▶ [What the task asks] Type out all the records word for word. Any pictures are to be left out.

[Records from a collection]
***
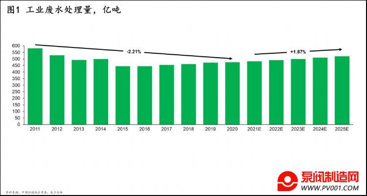 驱动力一:我国工业废水处理量将以1.87%的复合增速缓慢增长
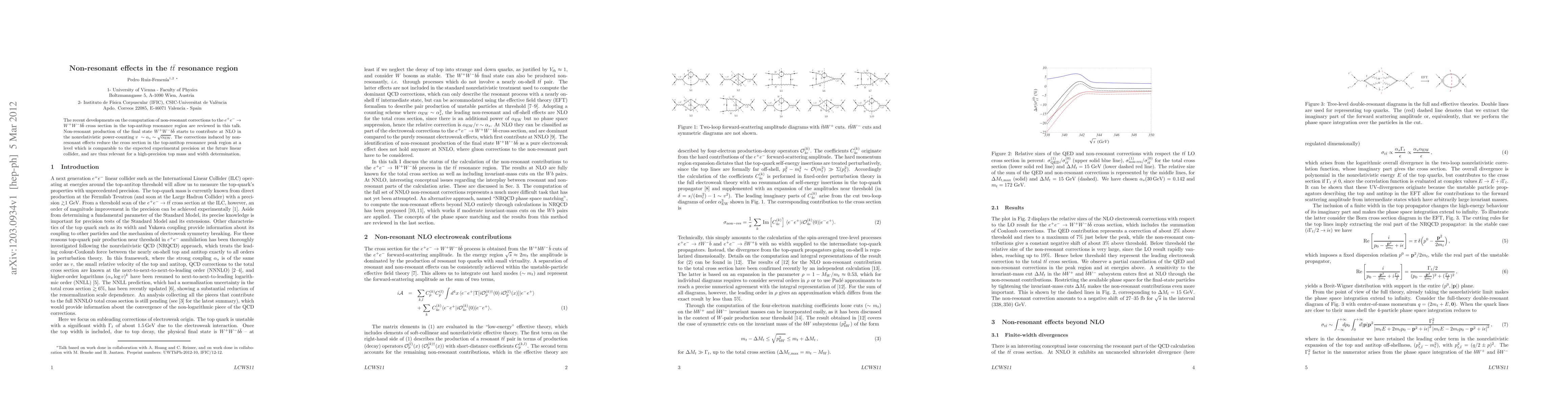 The recent developments on the computation of non-resonant corrections to the e+ e- -> W+ W- b bbar cross section in the top-antitop resonance region are reviewed in this talk. Non-resonant production of the final state W+ W- b bbar starts to contribute at NLO in the nonrelativistic power-counting v ~ alpha_s ~ sqrt(alpha_EW). The corrections induced by non-resonant effects reduce the cross section in the top-antitop resonance peak region at a level which is comparable to the expected experimental precision at the future linear collider, and are thus relevant for a high-precision top mass and width determination.
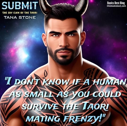 If you like alien abduction romance (as well as dominant and dangerous alien warriors with horns, tails, and bonus parts), you’ll love SUBMIT, the first book in Tana Stone’s sci-fi romance The Sky Clan of the Taori series. Each book can be read as a standalone, but you’ll enjoy them more if you read them in sequence.
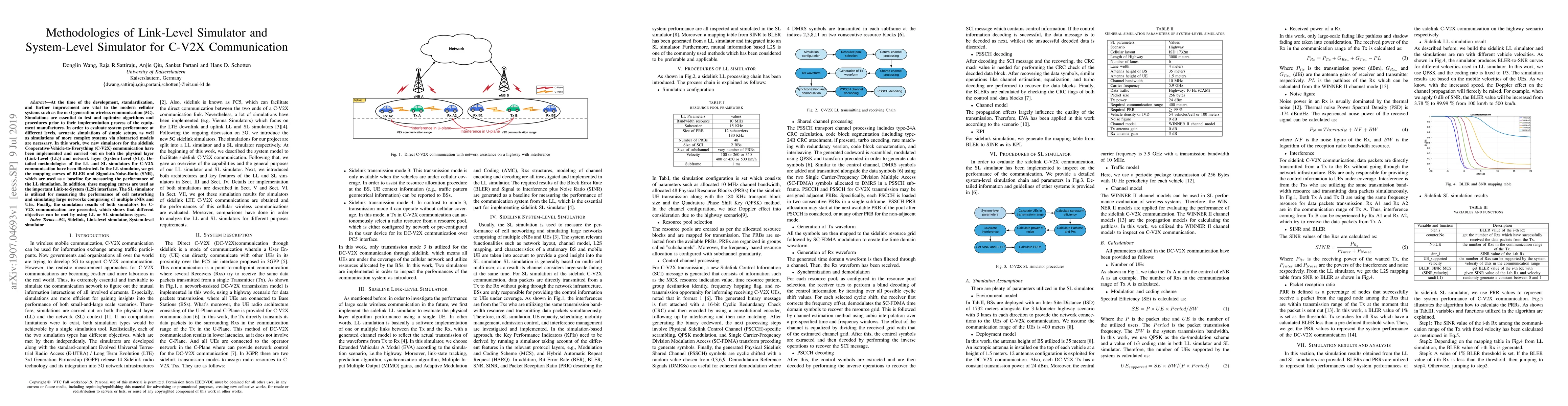 This paper presents methodologies for two new simulators—Link-Level (LL) and System-Level (SL)—for evaluating Cooperative-Vehicle-to-Everything (C-V2X) communication. The LL simulator maps BLER and SNR curves, while the SL simulator assesses cell networking and large network simulations, demonstrating the distinct objectives met by each simulation type.
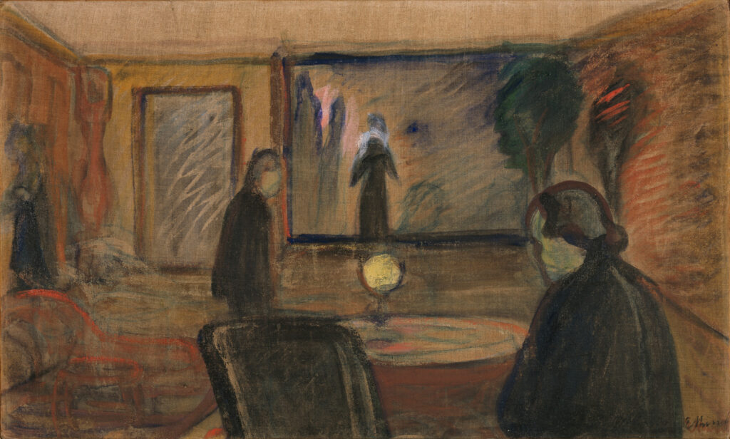 《叫び》で知られるエドヴァルド・ムンクがベルリンの劇場から依頼され、彼と同じノルウェーの劇作家ヘンリック・イプセンの『幽霊』上演の舞台イメージとして描いた連作の一点です。10年前に他界した地方名士の秘密が露わとなり家族が一夜にして破滅に向かう筋書きで、陰鬱なフィヨルドに面したガラス窓や、無情に時を刻む大時計のある部屋の中、無言の人々が別々の方角を向いて思いに沈んでいます。暗色の衣装、テーブルのランプに照らされた黄緑色の顔が不安を高め、制作最後に加えられた赤色が血の因縁を暗示しています。
***
▶ [Your response]
 驱动力一:我国工业废水处理量将以1.87%的复合增速缓慢增长
 The recent developments on the computation of non-resonant corrections to the e+ e- -> W+ W- b bbar cross section in the top-antitop resonance region are reviewed in this talk. Non-resonant production of the final state W+ W- b bbar starts to contribute at NLO in the nonrelativistic power-counting v ~ alpha_s ~ sqrt(alpha_EW). The corrections induced by non-resonant effects reduce the cross section in the top-antitop resonance peak region at a level which is comparable to the expected experimental precision at the future linear collider, and are thus relevant for a high-precision top mass and width determination.
 If you like alien abduction romance (as well as dominant and dangerous alien warriors with horns, tails, and bonus parts), you’ll love SUBMIT, the first book in Tana Stone’s sci-fi romance The Sky Clan of the Taori series. Each book can be read as a standalone, but you’ll enjoy them more if you read them in sequence.
 This paper presents methodologies for two new simulators—Link-Level (LL) and System-Level (SL)—for evaluating Cooperative-Vehicle-to-Everything (C-V2X) communication. The LL simulator maps BLER and SNR curves, while the SL simulator assesses cell networking and large network simulations, demonstrating the distinct objectives met by each simulation type.
 《叫び》で知られるエドヴァルド・ムンクがベルリンの劇場から依頼され、彼と同じノルウェーの劇作家ヘンリック・イプセンの『幽霊』上演の舞台イメージとして描いた連作の一点です。10年前に他界した地方名士の秘密が露わとなり家族が一夜にして破滅に向かう筋書きで、陰鬱なフィヨルドに面したガラス窓や、無情に時を刻む大時計のある部屋の中、無言の人々が別々の方角を向いて思いに沈んでいます。暗色の衣装、テーブルのランプに照らされた黄緑色の顔が不安を高め、制作最後に加えられた赤色が血の因縁を暗示しています。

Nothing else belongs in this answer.